X = np.array(X_test)  
Y = np.array(y_test)
x_min, x_max = X[:, 0].min() - .5, X[:, 0].max() + .5
y_min, y_max = X[:, 1].min() - 1.5, X[:, 1].max() + 1.5
#specify step size in the mesh
h = .02  
xx, yy = np.meshgrid(np.arange(x_min, x_max, h), np.arange(y_min, y_max, h))
# make map prediction at every point on the grid
Z = logreg.predict(np.c_[xx.ravel(), yy.ravel()])
# Put the result into a color plot
Z = Z.reshape(xx.shape)

plt.figure(1, figsize=(12, 8))
plt.pcolormesh(xx, yy, Z, cmap=plt.cm.Dark2)

labels = ['Firmicutes','Actinobacteria','Gammaproteobacteria']
colors = [0,4,7]
for i in range(3):
    subset = Y == i
    plt.scatter(X[subset, 0], X[subset, 1], edgecolors='k', s=150, 
                color =plt.cm.Dark2.colors[colors[i]] , label = labels[i])
    
plt.xlabel('Size(MB)', fontsize=14)
plt.ylabel('GC%', fontsize=14)
plt.xlim(xx.min(), xx.max())
plt.ylim(yy.min(), yy.max())
leg = plt.legend(loc = 'upper left',fontsize = 14, framealpha=0.01)

plt.show();

I can also use the “predict_proba” method to get estimates for all classes at a given assembly size(MB) and GC content. For example, with an assembly size of 7 MB and GC content of 50% falling in the grey region, the bacterial subgroup is most probable Gammaproteobacteria since this subgroup has the highest probability for the given features as shown below. 

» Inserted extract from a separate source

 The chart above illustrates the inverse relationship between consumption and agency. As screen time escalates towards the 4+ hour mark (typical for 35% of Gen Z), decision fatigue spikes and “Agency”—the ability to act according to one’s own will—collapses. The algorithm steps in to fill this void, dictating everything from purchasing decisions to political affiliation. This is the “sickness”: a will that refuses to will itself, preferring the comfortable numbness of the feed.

Here you can find an sklearn example of logistic regression 3 class classifier: https://scikit-learn.org/stable/auto_examples/linear_model/plot_iris_logistic.html.

In [None]:
logreg.predict_proba([[7,50]])

##### More on Evaluation: ROC curves
Another way to evaluate the output of our classifier is to look at ROC curves. ROC curve for each class is a plot of the class’s true positive rate (Y axis) against its false positive rate (X axis), a trade between sensitivity and specificity. The black line is represents a model that randomly guesses the class and any classifier with a curve above and farther away from the black line is better. The classifier that is closer to the ideal point of a true positive rate of one and a false positive rate of zero approaching the top left corner of the plot is better. This means a steeper ROC curve and also implies a larger area under the curve (AUC).
In order to plot ROC curve for multi-class classification, we need to binarize the output variable using the one-vs-all classification strategy and draw one ROC curve per class. 

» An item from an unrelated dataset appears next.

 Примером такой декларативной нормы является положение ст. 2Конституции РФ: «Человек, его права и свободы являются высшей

Sklearn has built in functions for ROC curves (https://scikit-learn.org/stable/auto_examples/model_selection/plot_roc.html).


In [None]:
# Use one vs all classifier
classifier = OneVsRestClassifier(LogisticRegression())
y_score = classifier.fit(X_train, y_train).decision_function(X_test)  

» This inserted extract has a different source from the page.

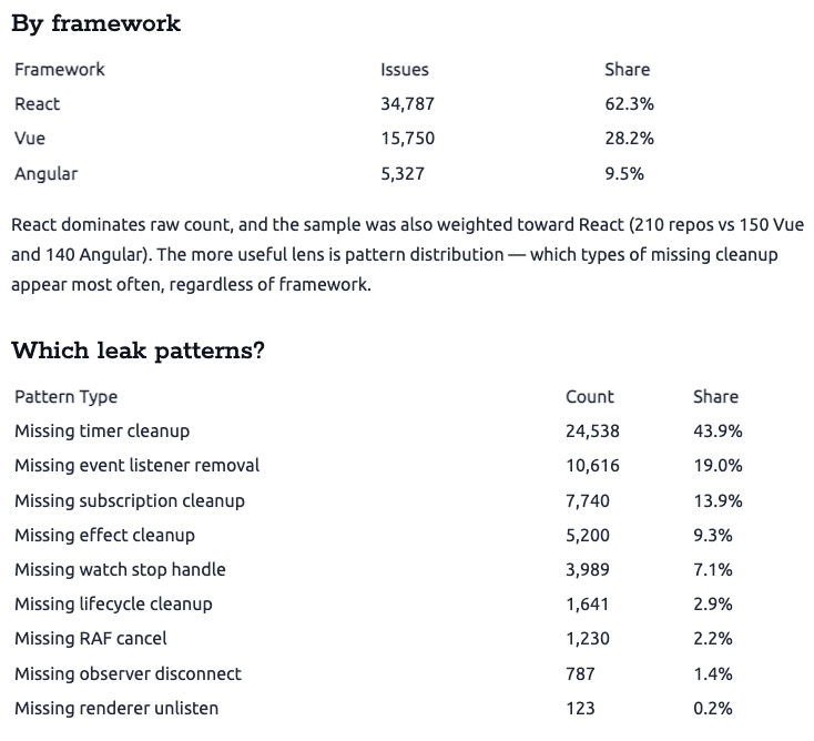 - [2] Frontend Memory Leaks: A 500-Repository Static Analysis and Five-Scenario Benchmark Study: https://stackinsight.dev/blog/memory-leak-empirical-study/

# Compute ROC curves for each class
fpr = dict()
tpr = dict()
roc_auc = dict()
for i in range(3):
    fpr[i], tpr[i], _ = roc_curve(y_test.values == i, y_score[:,i])
    roc_auc[i] = auc(fpr[i], tpr[i])

# Plot all ROC curves
plt.figure(1, figsize=(12, 8))

colors = cycle(['aqua', 'darkorange', 'cornflowerblue'])
for i, color in zip(range(3), colors):
    plt.plot(fpr[i], tpr[i], color=color,
             label=f"ROC curve of class {i} is {round(roc_auc[i],2)}")
plt.xlabel('False Positive Rate')
plt.ylabel('True Positive Rate')
plt.title('ROC for multi-class')
plt.legend(loc="lower right")
plt.show()

The multiclass logistic regression model suggests that the GC content and assembly size can tease apart the three bacterial subgroups Gammaproteobacteria, Firmicutes and Actinobacteria with a good accuracy. So if more accurate information is missing on potential bacterial members of these subgroups, we could use these features to classify them into their subgroup with an acceptable accuracy. A nice application of logistic regression in bacterial genome studies!